Integral World: Exploring Theories of Everything
An independent forum for a critical discussion of the integral philosophy of Ken Wilber
Joe CorbettJoe Corbett has been living in Shanghai and Beijing since 2001. He has taught at American and Chinese universities using the AQAL model as an analytical tool in Western Literature, Sociology and Anthropology, Environmental Science, and Communications. He has a BA in Philosophy and Religion as well as an MA in Interdisciplinary Social Science, and did his PhD work on modern and postmodern discourses of self-development, all at public universities in San Francisco and Los Angeles, California. He can be reached at


A Response to
"Clash of the Archetypes"

Joe Corbett

The answer is that there is only the continual waking up to what is, without an edge or boundary or ending.

David and Andrea Lane's Clash of the Archetypes between Thantos (death) and Eros (life) is instructive not only on the level of individual experience and psychology, but on the collective level of the central conflict of our (and of all) times: that between self and society on the one hand, or Thantos, and the body (or nature) and culture on the other hand, or Eros. Let me explain.

Self-interest in the pursuit of money and power (the diagonal axis between the upper left and lower right quadrants) to the exclusion of other concerns is clearly self-destructive by systematically undermining and destroying communities of stability and moral meaning on the one hand, and a sustainable natural environment and bodily labor on the other hand (the diagonal axis between the lower left and the upper right quadrants).
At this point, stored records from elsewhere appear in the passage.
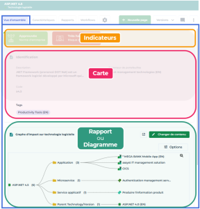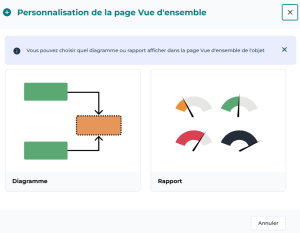 Le profil Administrateur fonctionnel de la Solution permet de changer le contenu (rapport ou diagramme) de la page de propriétés Vue d'ensemble.
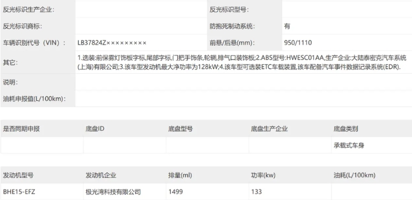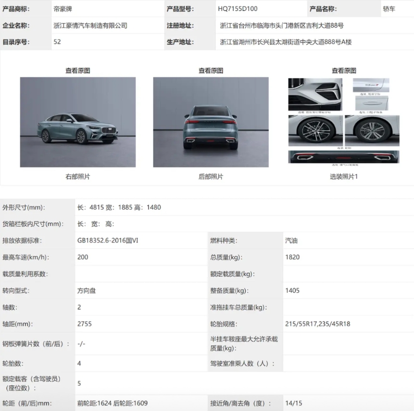 全新帝豪,这外观设计,够惊艳了吧! 长×宽×高:4815mm×1885mm×1480mm,比现款帝豪长了将近18公分! 轴距:2755mm,相比现款帝豪的2650mm,轴距加长了10公分,车内空间将会更加充裕! 轮胎尺寸:215/60R16,215/55R17,235/45/R18,太狠了[捂脸],帝豪都能用上18寸的轮胎了,这以后怕是只能称之为帝豪之王了[笑脸]! 发动机:匹配两款发动机 1.5L自然吸气版本,代号BHE15-CFN,功率88KW,估计还是匹配CVT变速箱; 1.5T涡轮增压版本,代号BHE15-EFZ,功率133KW,大概率会匹配七速湿式双离合变速箱了! 这台帝豪进化得有点猛,非常期待上市,又要把帝豪创造的佳绩再次刷新了!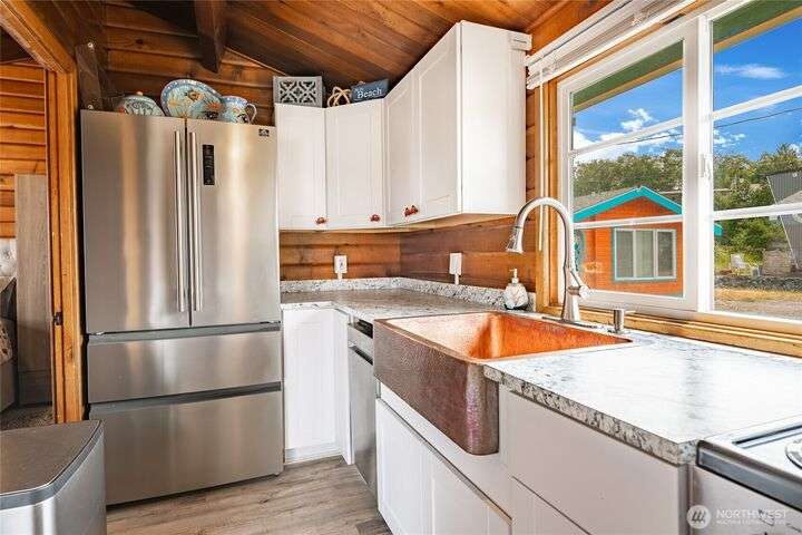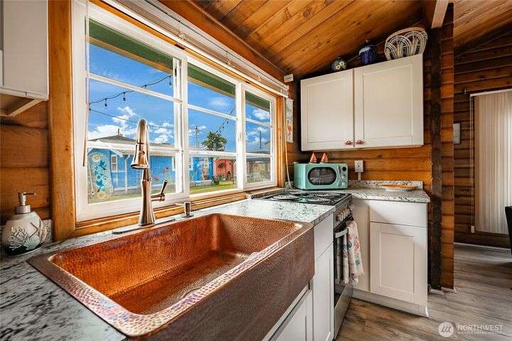 Premier location for the Bay Shore Condominiums development and these 10 stand alone cottages. They are Pan Abode cedar cottage style with vaulted ceilings in the great room. Get your piece of the Birch Bay pie with cottage #6. Remodeled & cute greet you when you arrive. Park right next to your cottage. This cottage has newer flooring, sinks in both the kitchen and bath, appliances, shower, toilet, washer and dryer a well as hot water heater. The cottages have cement foundations with crawl spaces. Centrally located on Birch Bay drive and close to everything including the Birch Bay State Park. Two hours from Seattle and 33 miles from Vancouver BC. Get your Birch Bay property now as the area continues to be attractive to get a way seekers.

In other words, the modern orange civilization of material success and achievement (self-interest in the pursuit of profits and power) has today become imbalanced and un-whole, hegemonically overwhelming the capacity of human communities, nature, and labor to protect and nurture their stake in the healthy functioning of the entire human matrix of truth, beauty, goodness, and justice.

Melding personal ego-interests with collective institutional forms of representation (the upper left and lower right quadrants), the death instinct, or Thantos, in short, has overcome the life instinct, or Eros, the melding of bodily instinct with collective forms of desire (the upper right and lower left quadrants), and this has now become the central clash (or imbalance, which triggers the historical dialectics) of and within modern civilization today.

Lane's point towards the end of the piece is that neither Thantos nor Eros triumph in the end because they are both part of a larger whole that we must accept and transcend, with neither death nor immortality as the ultimate victor. And this is instructive for those who wish to ask what comes after the tragedy of modernity in its endless pursuit of more regardless of the consequences, for the answer is that there is only the continual waking up to what is, without an edge or boundary or ending signaling that this, the universe as we know and experience it, is in its final form.

May those who occupy and resist the temptations and accumulations of the ego-material worlds in collusion have the strength and fortitude to out-live the death throes of a civilization on the edge.